Stored items:
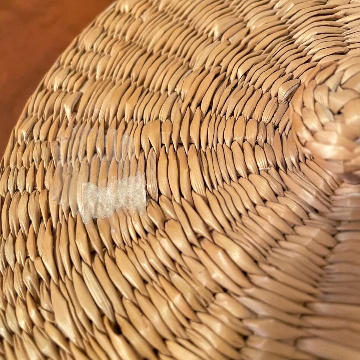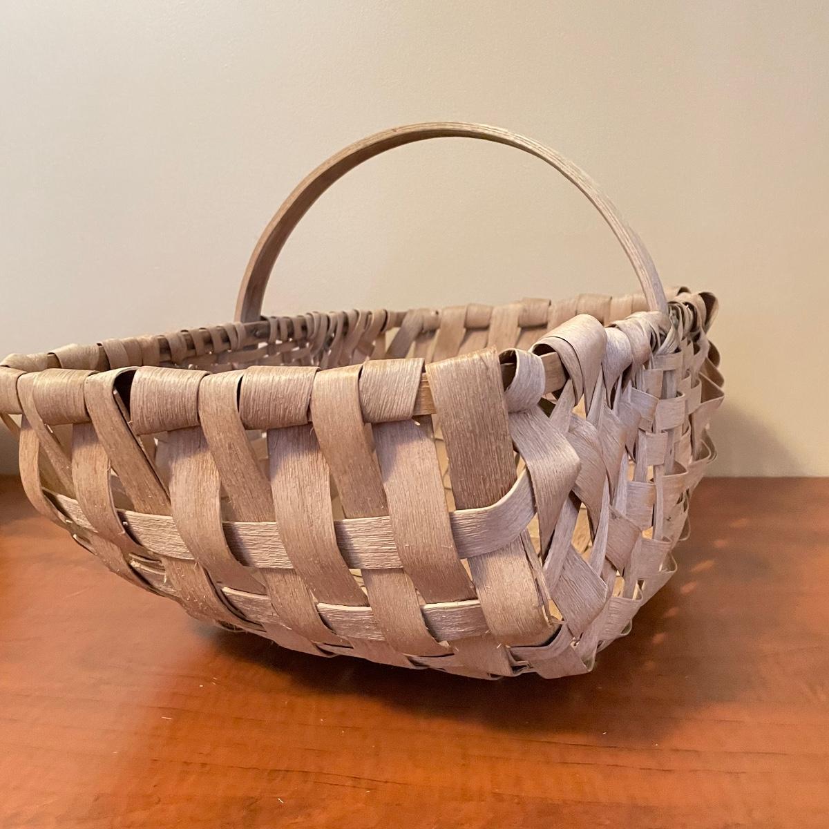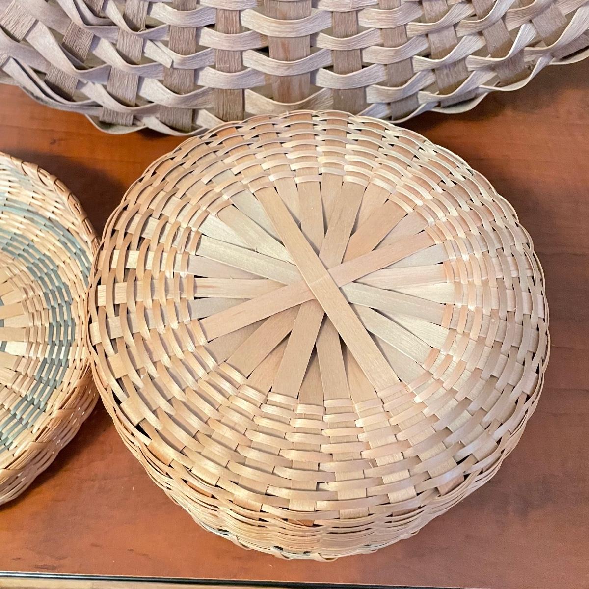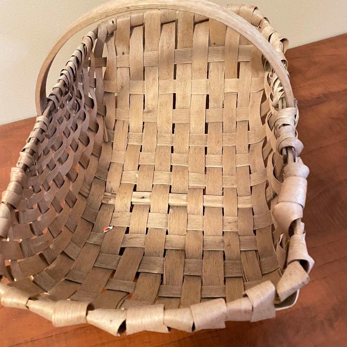 Four beautiful baskets. The grayish-tan basket has a nice handle screwed into the woven basket, the handle is sturdy and winds around to the bottom of the basket. This basket is about 21” x 12.5” x 9” with the handle reaching 12.5” tall. Two smaller lidded baskets and the smallest darker basket is 5.5”square x 3.75” tall. See images. Local pick up only.
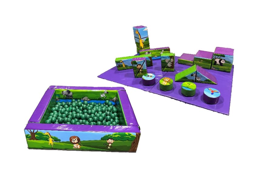 Our 18 piece JUNGLE theme soft play with 2 mats AND matching 5ft x 5ft ball pool
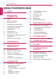 INHALTSVERZEICHNIS DEUTSCH INHALTSVERZEICHNIS 3 LIZENZ 4 MONTAGE UND VORBEREITUNG 4 5 7 8 8 9 13 Zubehör Optionales Zubehör Teile und Tasten Anschließen des Standfußes Anschließen der Lautsprecher Anschließen des IR- und Lichtsensors Portrait Layout Verbinden des OPS Anbringung und Entfernung der LGLogohalterung Installation an einer Wand 15 FERNBEDIENUNG 17 HERSTELLEN VON VERBINDUNGEN 17 18 20 21 22 Anschluss eines PCs Anschluss externer Geräte Verketten von Monitoren - Nutzen der Mehrfach
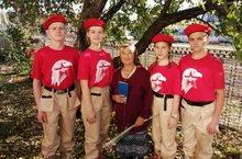 С Днем учителя педагогов- пенсионеров поздравили юнармейцы школы.
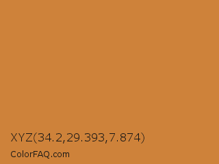 XYZ 34.2,29.393,7.874 Color is a normal orange color and the nearest color is Peru #cd853f. Hex code #ce823a and RGB value is rgb(206,130,58). In RGB color space, this color is composed of 81% red, 51% green, 23% blue, In CMYK color space, this color is composed of 0% cyan, 37% magenta, 72% yellow , 19% black , In HSL color space, this color has a hue angle of 29° , 60% saturation and 52% lightness.
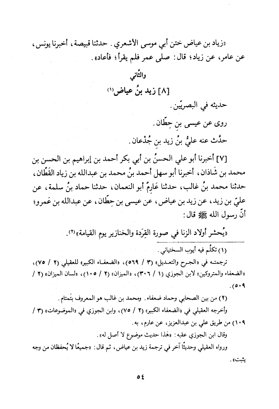 7 - أخبرنَا أَبُو عَليّ الْحسن بن أبي بكر أَحْمد بن إِبْرَاهِيم بن الْحسن بن مُحَمَّد بن شَاذان أخبرنَا أَبُو سهل أَحْمد بن مُحَمَّد بن عبد الله بن زِيَاد الْقطَّان حَدثنَا مُحَمَّد بن غَالب حَدثنَا عَارِم أَبُو النُّعْمَان حَدثنَا حَمَّاد بن سَلمَة عَن عَليّ بن زيد عَن زيد بن عِيَاض عَن عِيسَى بن حطَّان عَن عبد الله بن عَمْرو أَن رَسُول الله صلى الله عَلَيْهِ وَسلم قَالَ يحْشر أَوْلَاد الزِّنَا فِي صُورَة القردة والخنازير يَوْم الْقِيَامَة
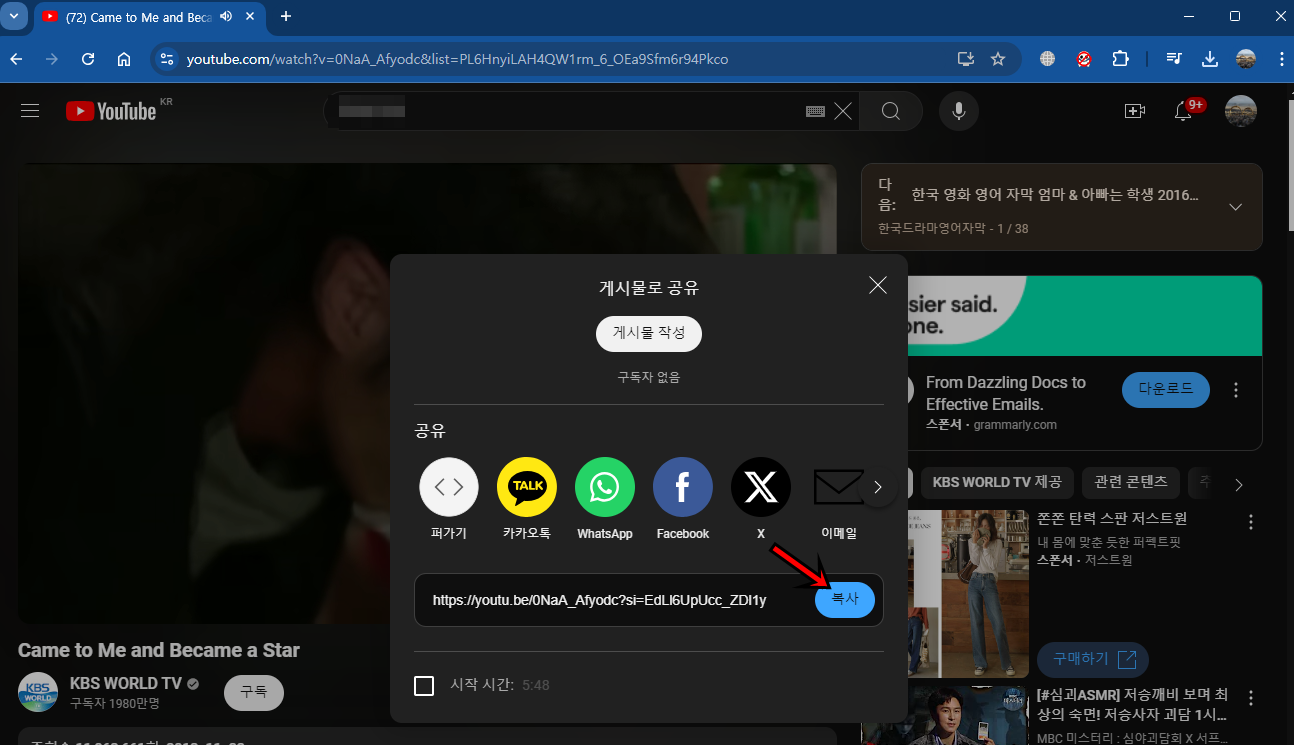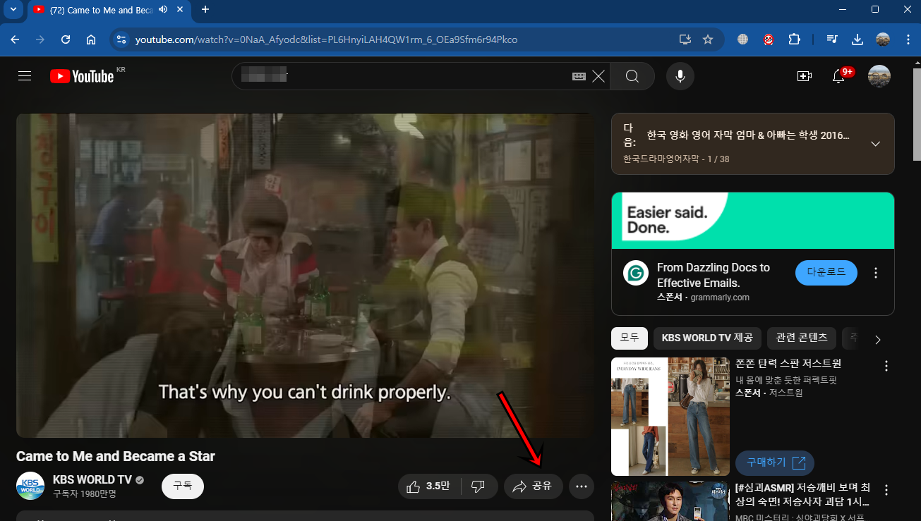 다음은 downsub.com이라는 웹사이트를 이용하여 자막을 텍스트로 다운로드하는 방법이에요. 사진과 같이 "공유"버튼을 클릭해 주세요.
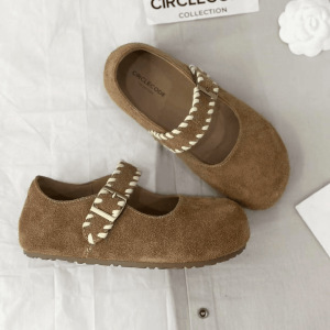 有意思思女鞋“编制博肯”头层牛皮女鞋时尚休闲百搭软底平底单鞋
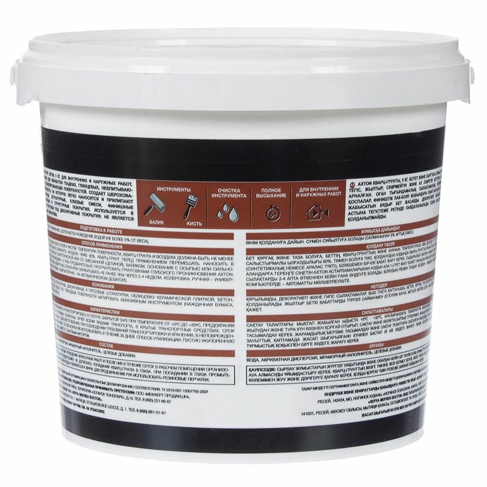 Акстон грунтовка кварцевая для декоративных покрытий (5кг) / AXTON кварц-грунт для внутренних и наружных работ (5кг) интересное:
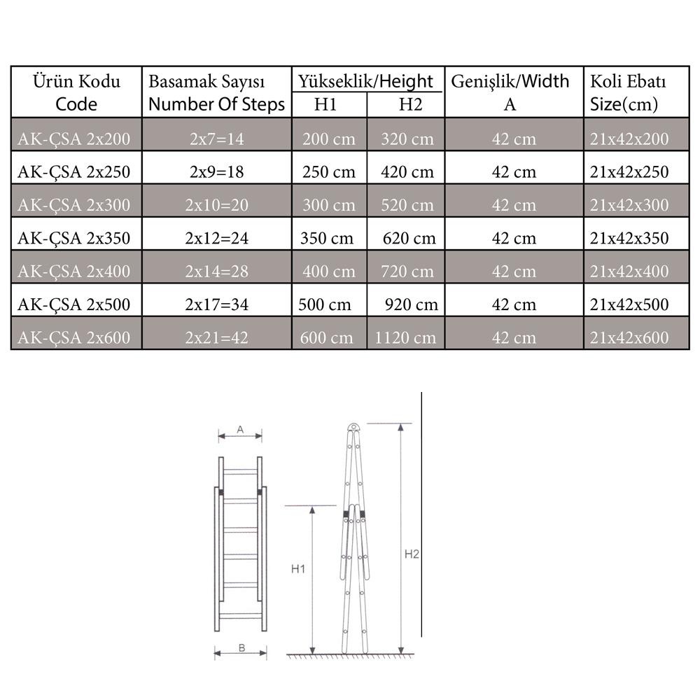 Çift Sürgülü Tasarım: Her iki parça da ayrı ayrı uzatılabildiğinden, merdivenin uzunluğunu ihtiyaca göre ayarlayabilirsiniz.

INSTRUCTIONS TO FOLLOW. Repeat every entry above word for word, and include no pictures.

ANSWER SPACE.
 Four beautiful baskets. The grayish-tan basket has a nice handle screwed into the woven basket, the handle is sturdy and winds around to the bottom of the basket. This basket is about 21” x 12.5” x 9” with the handle reaching 12.5” tall. Two smaller lidded baskets and the smallest darker basket is 5.5”square x 3.75” tall. See images. Local pick up only.
 Our 18 piece JUNGLE theme soft play with 2 mats AND matching 5ft x 5ft ball pool
 INHALTSVERZEICHNIS DEUTSCH INHALTSVERZEICHNIS 3 LIZENZ 4 MONTAGE UND VORBEREITUNG 4 5 7 8 8 9 13 Zubehör Optionales Zubehör Teile und Tasten Anschließen des Standfußes Anschließen der Lautsprecher Anschließen des IR- und Lichtsensors Portrait Layout Verbinden des OPS Anbringung und Entfernung der LGLogohalterung Installation an einer Wand 15 FERNBEDIENUNG 17 HERSTELLEN VON VERBINDUNGEN 17 18 20 21 22 Anschluss eines PCs Anschluss externer Geräte Verketten von Monitoren - Nutzen der Mehrfach
 С Днем учителя педагогов- пенсионеров поздравили юнармейцы школы.
 XYZ 34.2,29.393,7.874 Color is a normal orange color and the nearest color is Peru #cd853f. Hex code #ce823a and RGB value is rgb(206,130,58). In RGB color space, this color is composed of 81% red, 51% green, 23% blue, In CMYK color space, this color is composed of 0% cyan, 37% magenta, 72% yellow , 19% black , In HSL color space, this color has a hue angle of 29° , 60% saturation and 52% lightness.
 7 - أخبرنَا أَبُو عَليّ الْحسن بن أبي بكر أَحْمد بن إِبْرَاهِيم بن الْحسن بن مُحَمَّد بن شَاذان أخبرنَا أَبُو سهل أَحْمد بن مُحَمَّد بن عبد الله بن زِيَاد الْقطَّان حَدثنَا مُحَمَّد بن غَالب حَدثنَا عَارِم أَبُو النُّعْمَان حَدثنَا حَمَّاد بن سَلمَة عَن عَليّ بن زيد عَن زيد بن عِيَاض عَن عِيسَى بن حطَّان عَن عبد الله بن عَمْرو أَن رَسُول الله صلى الله عَلَيْهِ وَسلم قَالَ يحْشر أَوْلَاد الزِّنَا فِي صُورَة القردة والخنازير يَوْم الْقِيَامَة
 다음은 downsub.com이라는 웹사이트를 이용하여 자막을 텍스트로 다운로드하는 방법이에요. 사진과 같이 "공유"버튼을 클릭해 주세요.
 有意思思女鞋“编制博肯”头层牛皮女鞋时尚休闲百搭软底平底单鞋
 Акстон грунтовка кварцевая для декоративных покрытий (5кг) / AXTON кварц-грунт для внутренних и наружных работ (5кг) интересное:
 Çift Sürgülü Tasarım: Her iki parça da ayrı ayrı uzatılabildiğinden, merdivenin uzunluğunu ihtiyaca göre ayarlayabilirsiniz.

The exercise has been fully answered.